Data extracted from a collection
----
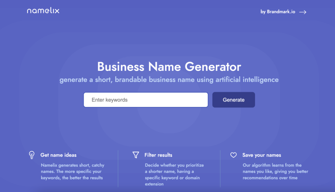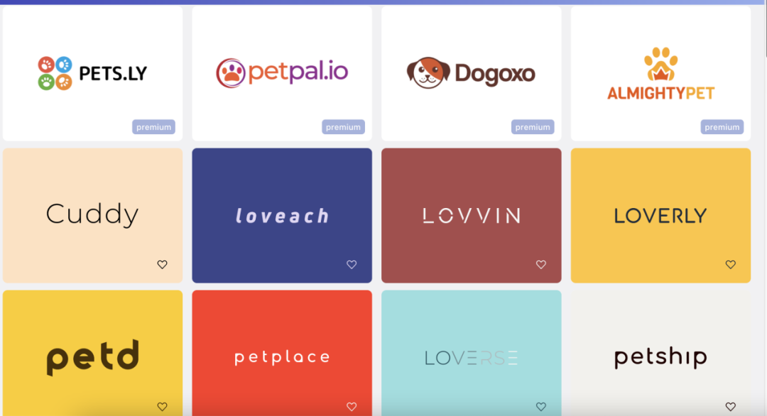 在中间输入你希望名称中包含的字母、单词,或者是所在的行业作为关键词,网站就能自动生成一些品牌名和简单的logo。比如输入“pet(宠物)”和“love(爱)”,选择低随机度和喜欢的风格,生成的结果如下:
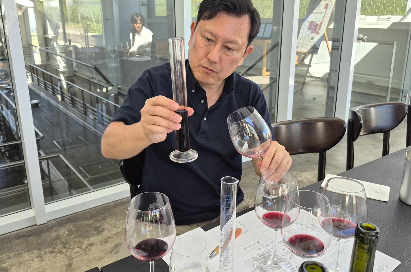 ワイナリー2階のラボにて、ワインメーカーGustavo氏のレクチャーと手ほどきによるセッションを実施。シリンダーとペンを交互に持ち替え、感覚を研ぎ澄ませつつ何度も試し、徐々に好みの方向性を絞っていく。「樽熟成を経た時の状態をイメージするように」とのアドバイスだったが、到底その領域に達しているはずもなく。とは言え、この工程に関われることこそが、ワイン造りの造醍醐味でもある。さて、樽熟成を経た2025年ヴィンテージの出来栄えは如何に…。
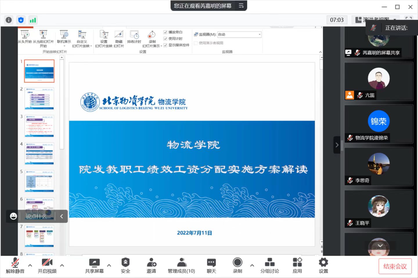 会议中,芮嘉明老师对《方案》进行了详细解读,并对教职工提出的意见建议进行了逐一反馈。全体代表展开讨论和审议,经过线上投票,17人同意,同意票超过全体与会代表2/3,该《方案》通过。
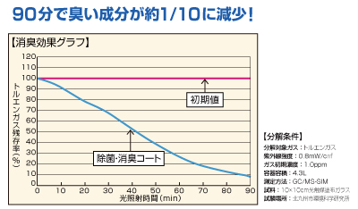 蛍光灯下※において様々な有臭、有毒ガスの分解を確認。
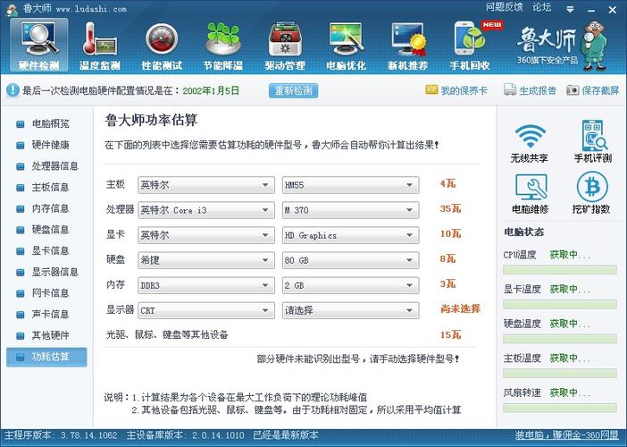 鲁大师实时检测计算机各类硬件,如CPU温度、显卡温度等温度的变化
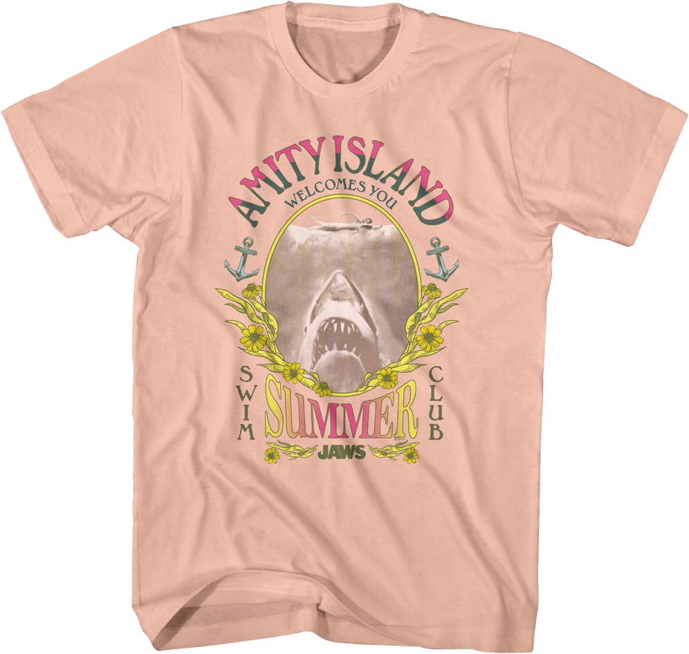 Everyone will immediately know you are a fan of Steven Spielberg's 1975 classic when you wear this Summer Swim Club Jaws T-Shirt!
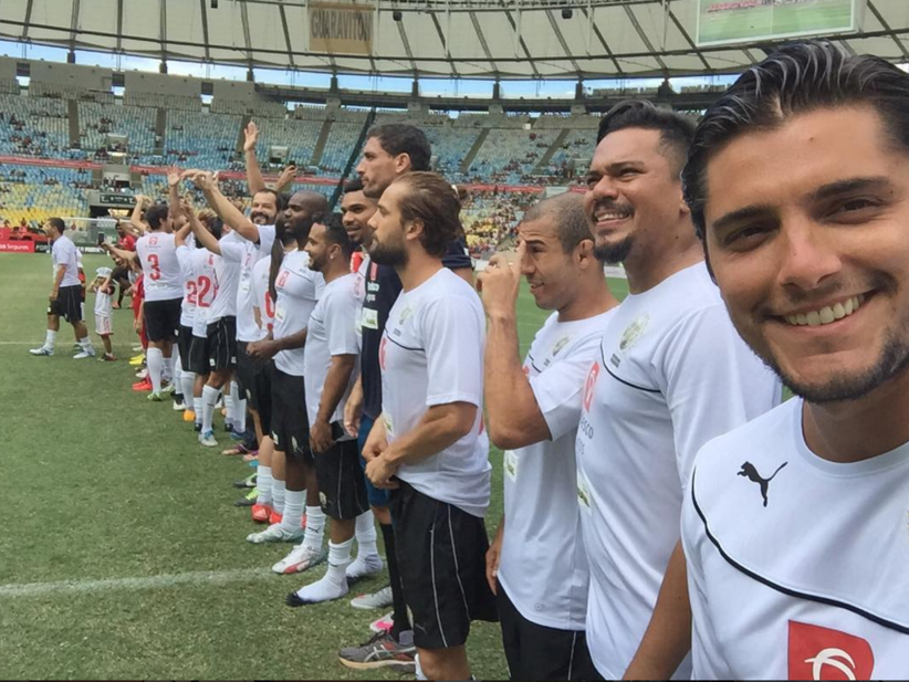 Wesley Safadão, José Aldo e vários outros famosos compareceram neste domingo, 27, para uma partida do Jogo das Estrelas, no Maracanã. O evento beneficente reuniu ex-jogadores, cantores, atores e lutadores e dividiu em times de equipe branca e vermelha. Entre os famosos do time Branco, estavam José Aldo, Bruno Gissoni, José Loreto, Ricardo Pereira, Iran Malfitano, Cássio Reis, Thiago Rodrigues, Bruno Coimbra (filho de Zico), Rafael Cardoso e Diogo Nogueira.
----
#### [WHAT TO WORK ON]
Could you reproduce all of the data above exactly and skip any image?

#### [ANSWER BOX]
 在中间输入你希望名称中包含的字母、单词,或者是所在的行业作为关键词,网站就能自动生成一些品牌名和简单的logo。比如输入“pet(宠物)”和“love(爱)”,选择低随机度和喜欢的风格,生成的结果如下:
 ワイナリー2階のラボにて、ワインメーカーGustavo氏のレクチャーと手ほどきによるセッションを実施。シリンダーとペンを交互に持ち替え、感覚を研ぎ澄ませつつ何度も試し、徐々に好みの方向性を絞っていく。「樽熟成を経た時の状態をイメージするように」とのアドバイスだったが、到底その領域に達しているはずもなく。とは言え、この工程に関われることこそが、ワイン造りの造醍醐味でもある。さて、樽熟成を経た2025年ヴィンテージの出来栄えは如何に…。
 会议中,芮嘉明老师对《方案》进行了详细解读,并对教职工提出的意见建议进行了逐一反馈。全体代表展开讨论和审议,经过线上投票,17人同意,同意票超过全体与会代表2/3,该《方案》通过。
 蛍光灯下※において様々な有臭、有毒ガスの分解を確認。
 鲁大师实时检测计算机各类硬件,如CPU温度、显卡温度等温度的变化
 Everyone will immediately know you are a fan of Steven Spielberg's 1975 classic when you wear this Summer Swim Club Jaws T-Shirt!
 Wesley Safadão, José Aldo e vários outros famosos compareceram neste domingo, 27, para uma partida do Jogo das Estrelas, no Maracanã. O evento beneficente reuniu ex-jogadores, cantores, atores e lutadores e dividiu em times de equipe branca e vermelha. Entre os famosos do time Branco, estavam José Aldo, Bruno Gissoni, José Loreto, Ricardo Pereira, Iran Malfitano, Cássio Reis, Thiago Rodrigues, Bruno Coimbra (filho de Zico), Rafael Cardoso e Diogo Nogueira.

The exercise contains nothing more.